Auckland Art Gallery News, November 2004–February 2005.
Et Al. are notorious for their mysterious installations using retrograde technologies. Simultaneous Invalidations, Second Attempt (2001) is typically obscure. A conclave of tables forms the heart of the work. With legs of different lengths, their tops are pitched at idiosyncratic ‘cubist’ angles. They are covered in domestic contact paper, laced with wires, and sport scientific-looking inscriptions and calculations. Some tables incorporate galvanometers, that register when you touch the wires on the tables’ edges. Speakers screwed face down into each tabletop emanate a hum, an electric crackle, which resonates through the tables. The sound swarms, darting from table to table, as if they were implicated in some communion ritual, some seance. If, at first, the sound is annoying, it soon comes to seem meditative, a balm; we tune in to it. The arrangement looks a science experiment—something borne out by the hypothesis-like title.
Jonathan Bywater suggests that Et Al.’s experiment may have a paranormal dimension. He wrote: ‘Possibly modelled here is early electronic research’s fascination with the occult; Thomas Edison was attempting to record the voices of the dead when he invented the phonograph; Nikola Tesla and Guglielmo Marconi envisaged radio as a means to communicate with the dead … These tables mock up levitation; the sound dances like a planchette over a Ouija board.’1 But, if this is the case, it is hard to know if the tables are wired up to amplify spirits or fake them.
To the side, a black-and-white video is projected, encompassing old archival footage of factory life, shots of a previous Et Al. installation (the ‘first attempt’?), and an ominous close up of a socked foot. In an adjacent space we find the CD player, amplifier, and antique laptop that run the machine, distributing sounds to the tables. It is part plant room, part surveillance station, part sick bay. A decrepit camp stretcher is positioned so the stretcher’s occupant can view a small video monitor hanging down from a galvanised pipe attached to the ceiling. But is it earmarked for us or the artist, for the prisoner, or the governor?
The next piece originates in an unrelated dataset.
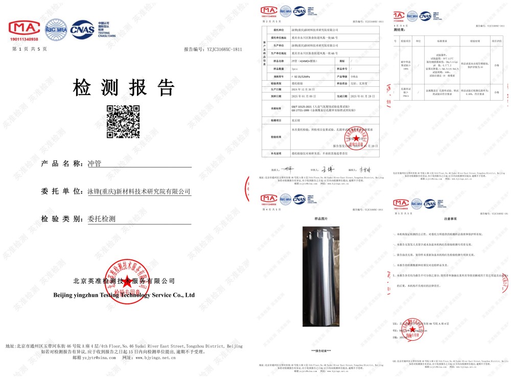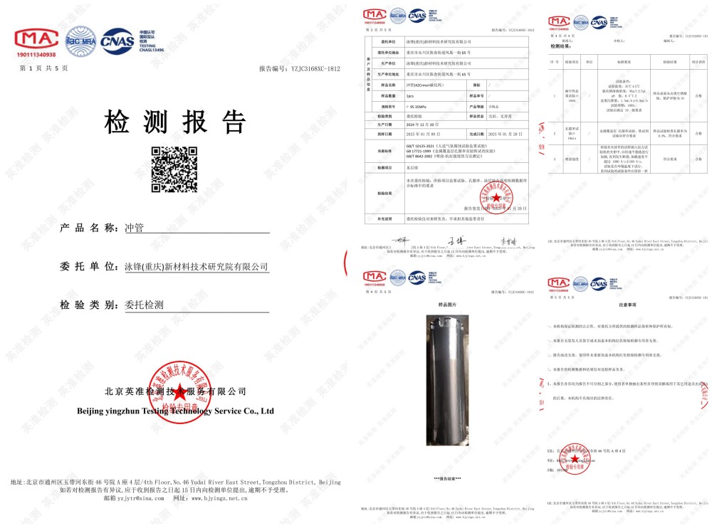 采用特殊热处理工艺,完全保证冲管的承压能力。

The work exudes an institutional air, but it’s hard to ascertain Et Al.’s relation to the institution. Are they behind it or critiquing it, running it or being run by it? Is the institution logical or demented, benevolent or diabolical? Simultaneous Invalidations, Second Attempt engages us through our own conflicted attitudes towards authority.
- Jonathan Bywater, ‘Simultaneous Invalidations’, Et Al.: Simultaneous Invalidations, Second Attempt (Auckland: Artspace, 2001), np.